Lecture / relecture d’une série de BD, étape trois : Le Château des étoiles d’Alex Alice (et Alex Nikolavitch pour les amusants textes complémentaires). J’aime beaucoup le grand format « journal », qui me semble conforme à la volonté esthétisante un peu exaltée de cet univers. Une rencontre entre le Ludwig de Visconti (film que j’admire ô combien) et une forme non dystopique de steampunk pour une fois, avec une bonne louche de Miyazaki. C’est léger (ça se lit vite) mais beau, une bien jolie distraction, qui se déploie de manière originale dans un imaginaire pourtant déjà énormément exploré.
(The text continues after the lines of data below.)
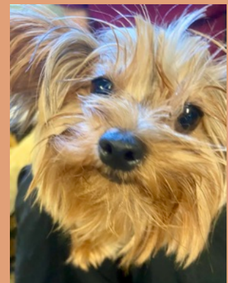
Givenchy from Nicholasville

If you would like to be part of the HOPE team, contact us at 859 873-4673 or administration@hopespayneuter.org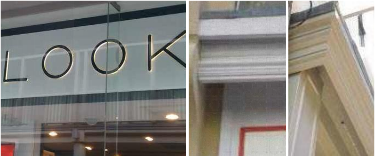
Example of halo style lighting (Credit Images or replace)

8.13 Where lighting is appropriate, external lighting of the fascia is normally preferable. This should be by means of concealed lighting such as slimline LED trough lighting (preferably recessed into a projecting cornice). Carefully positioned small spotlights may be an alternative. Large spotlights, swan neck lamps or heavy canopy lights should be avoided, as they can clutter a building and be over-bright. Suffolk County Council should be consulted regarding luminance standards for lighting fronting the highway. In all situations, only the lettering to a sign, and not the whole fascia, should be illuminated. Outside conservation areas and not on listed buildings, individual halo lit letters can be a subtle form of lighting, providing the letters have a small projection off the fascia.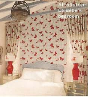
All alliter: Le Bébé's bedroom

We laud large hotel chains' recent greenlining attempts (go Fairmont, with your smart composting and water conservation), but for a truly tiny (and pretty) footprint, we love the Venice Beach Eco-Cottages. The three former crack houses turned solar-powered retreats represent the three r's at their best. Each one-bedroom cottage (Papa Hemingway, Aunt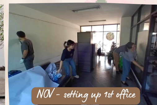
NOV - setting up 1st office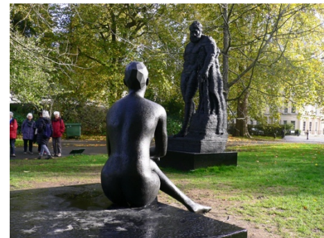
Hercules meets Galatea

The first of these was " Hercules meet Galatea ". We continued on through the gardens to see the exhibits....and to puzzle over some of the elaborate descriptions, or perhaps interpretations, of the works.

Vivement la suite.

 

PS : Je tiens ce blog depuis 2001, autant dire une éternité en termes de web. Et aujourd’hui je m’aperçois que c’est le 2500e billet que j’y mets en ligne. Fichtre. Diantre.

#2499

Lu hier soir les Métropolis de Lehman & Cie, la BD qu’il a produite à la place du roman qui fut longtemps annoncé pour être un « Ailleurs et demain » et dont il n’est jamais venu à bout. Belle lecture mais fin beaucoup trop prévisible, à mon goût, et les dessins sont dans l’ensemble plus « utilitaires » que très esthétiques, je trouve qu’il manque dans toutes les BD sur scénario de Serge Lehman cette dimension esthétique, la beauté du dessin. C‘est intellectuellement séduisant… mais froid, détaché, il manque à la fois la beauté et l’émotion, donc ce sont des œuvres toujours intéressantes, qui me fascinent, mais qui pour moi demeurent toujours un peu « tronquées ».